Question 1122: What is the molecular change typically seen in lysosomal storage disorders?

A. Defective fusion of lysosomes and phagosomes
B. Increased synthesis of some substrates
C. Mutation of genes encoding lysosomal hydrolases (Correct Answer)
D. Membrane defect of lysosomes

Explanation: **Explanation:** **1. Why Option C is Correct:** Lysosomal Storage Disorders (LSDs) are a group of approximately 50 genetic diseases typically inherited in an **autosomal recessive** manner [1]. The fundamental molecular defect is a **mutation in genes encoding lysosomal acid hydrolases** [1]. These enzymes are responsible for the degradation of complex macromolecules (sphingolipids, mucopolysaccharides, etc.). When an enzyme is deficient or non-functional, the insoluble metabolite accumulates within the lysosomes, leading to cellular dysfunction and characteristic "storage" cells (e.g., Gaucher cells) [1]. **2. Why Other Options are Incorrect:** * **Option A:** Defective fusion of lysosomes and phagosomes is the hallmark of **Chédiak-Higashi syndrome**, not classic LSDs. * **Option B:** In LSDs, the substrate synthesis is normal; the pathology arises from a **failure of degradation**, leading to secondary accumulation [1]. * **Option C (Alternative mechanism):** While most LSDs involve hydrolase mutations, some involve defects in post-translational processing (e.g., **I-cell disease**, where there is a failure to create the Mannose-6-Phosphate tag) [1]. However, gene mutation of hydrolases remains the most common "typical" change. * **Option D:** Primary membrane defects are rare; the membrane usually becomes secondary damaged due to the accumulation of toxic metabolites. **High-Yield Clinical Pearls for NEET-PG:** * **Most Common LSD:** Gaucher Disease (Glucocerebrosidase deficiency) [1]. * **Only X-linked LSDs:** Fabry Disease and Hunter Syndrome (Mnemonic: *The **Hunter** is **Fab**ulous and aims for the **X***). * **Cherry Red Spot on Macula:** Seen in Tay-Sachs, Niemann-Pick, and Sandhoff disease. * **I-Cell Disease:** Defect in **N-acetylglucosaminyl-1-phosphotransferase**, leading to empty lysosomes and high levels of enzymes in the plasma. **References:** [1] Kumar V, Abbas AK, et al.. Robbins and Cotran Pathologic Basis of Disease. 9th ed. Genetic Disorders, pp. 159-161.
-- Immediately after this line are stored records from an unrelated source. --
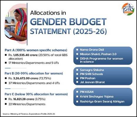 - केंद्रीय बजट में लैंगिक बजट विवरण (जीबीएस) को अनिवार्य रूप से शामिल करने से महिलाओं और लड़कियों के लिए आवंटन की नियमित जांच सुनिश्चित होती है।
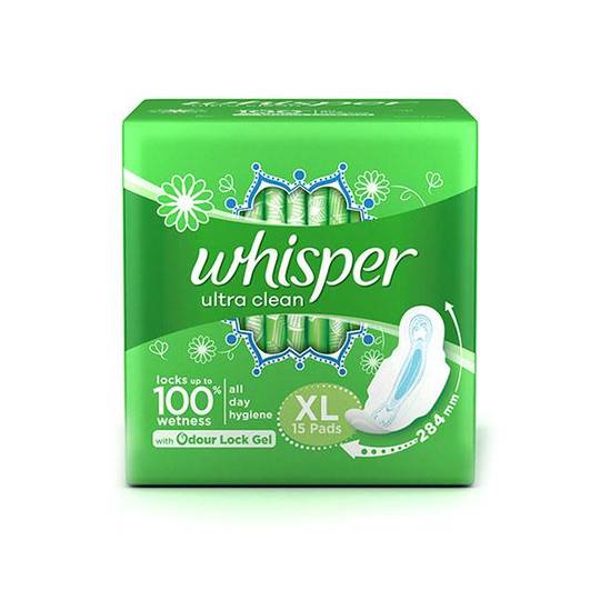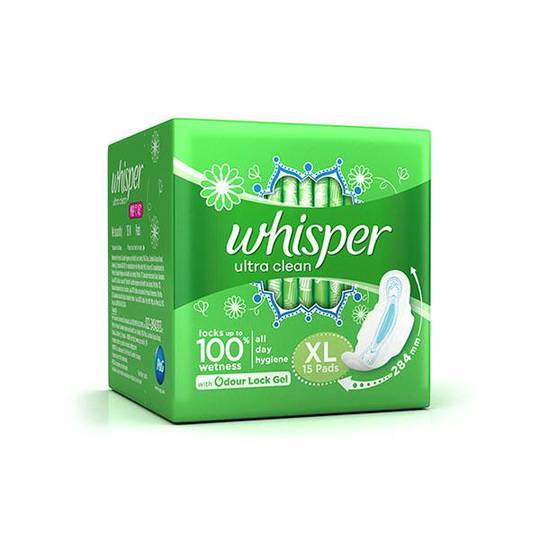 Whisper Ultra Clean Sanitary Pads XL wings (15 Count)
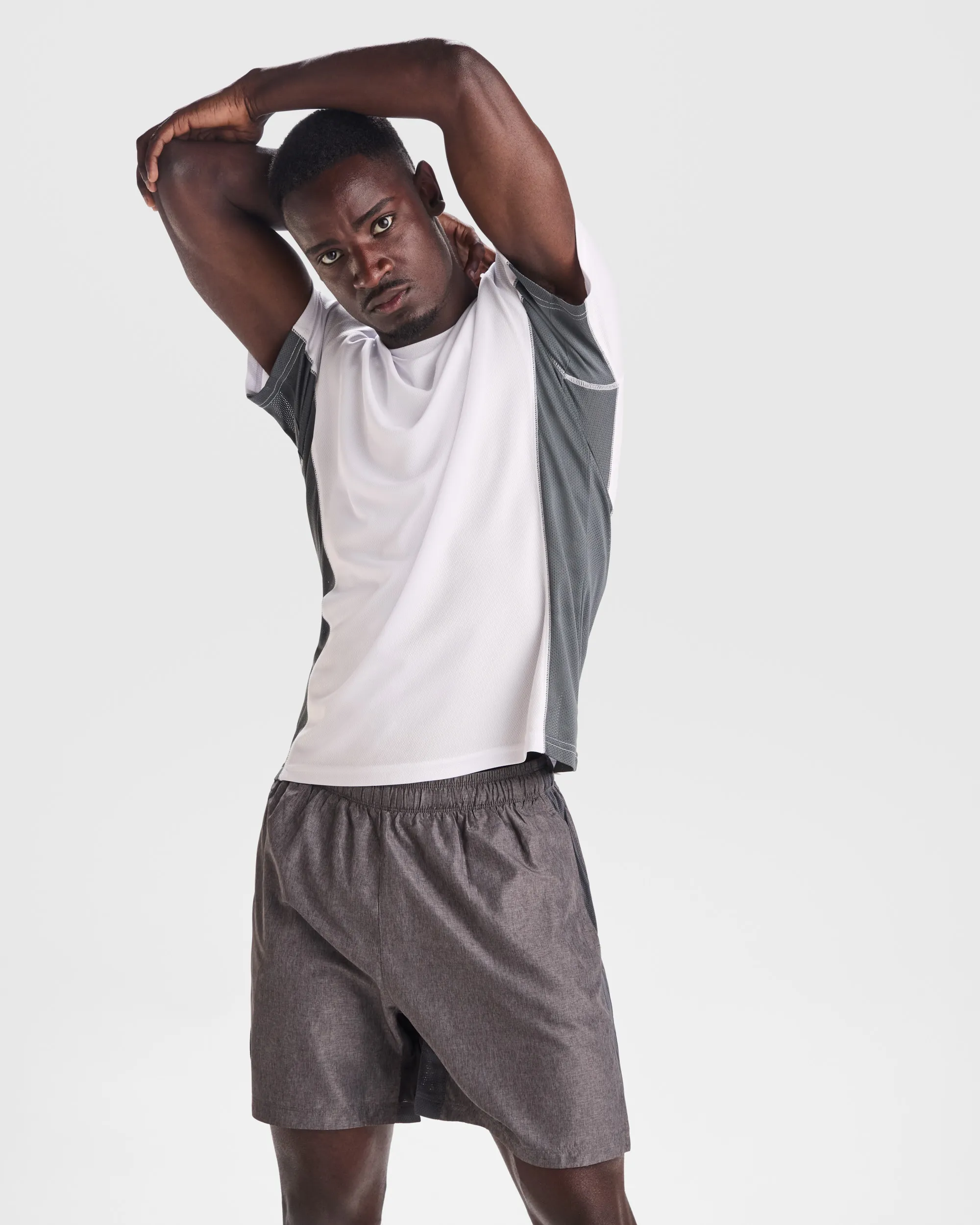 Camiseta técnica manga ranglán transpirable bicolor. Paneles laterales en tejido microperforado. Cuello redondo y cubrecosturas del mismo tejido al tono
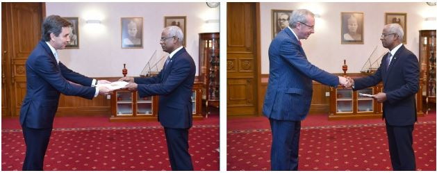 ޕޯޗުގަލްގެ ސަރުކާރުން ރާއްޖެއަށް ކަނޑައެޅުއްވި އާ ސަފީރު ކަރލޮސް ޖޯސް ޑެ ޕިންހޯ ޕެރޭރާއާއި ބެލްޖިއަމްގެ ސަރުކާރުން ރާއްޖެއަށް ކަނޑައެޅުއްވި އާ ސަފީރު ފްރެންސުއާ ޑެލްހާޔޭގެ ސަފީރުކަމުގެ ފަތްކޮޅު، ރައީސުލްޖުމްހޫރިއްޔާ އިބްރާހީމް މުހައްމަދު ސޯލިހަށް މިއަދު އަރުވައިފިއެވެ.

Question 1123: A histopathological image of a cystic lesion is shown. What is the most likely diagnosis?

A. Dentigerous cyst
B. Odontogenic keratocyst
C. Unicystic ameloblastoma
D. Papillary cystadenoma lymphomatosum (Correct Answer)

Explanation: ***Papillary cystadenoma lymphomatosum*** - Features characteristic **bilayered oncocytic epithelium** lining papillary projections within cystic spaces, creating a distinctive architectural pattern. - Contains **lymphoid stroma with germinal centers**, which is pathognomonic for Warthin's tumor and distinguishes it from other cystic lesions. *Dentigerous cyst* - Shows simple **squamous epithelial lining** derived from dental follicle, lacking the complex papillary architecture. - Associated with **unerupted teeth** and contains dental follicular tissue, not lymphoid stroma. *Odontogenic keratocyst* - Characterized by **parakeratinized stratified squamous epithelium** with a distinctive palisaded basal layer. - Lacks the **papillary projections** and **lymphoid component** seen in papillary cystadenoma lymphomatosum. *Unicystic ameloblastoma* - Features **ameloblastic epithelium** with characteristic **stellate reticulum** and reverse nuclear polarity. - Shows **odontogenic differentiation** patterns, not the oncocytic epithelium and lymphoid stroma of Warthin's tumor.

Question 1124: What characterizes a granuloma?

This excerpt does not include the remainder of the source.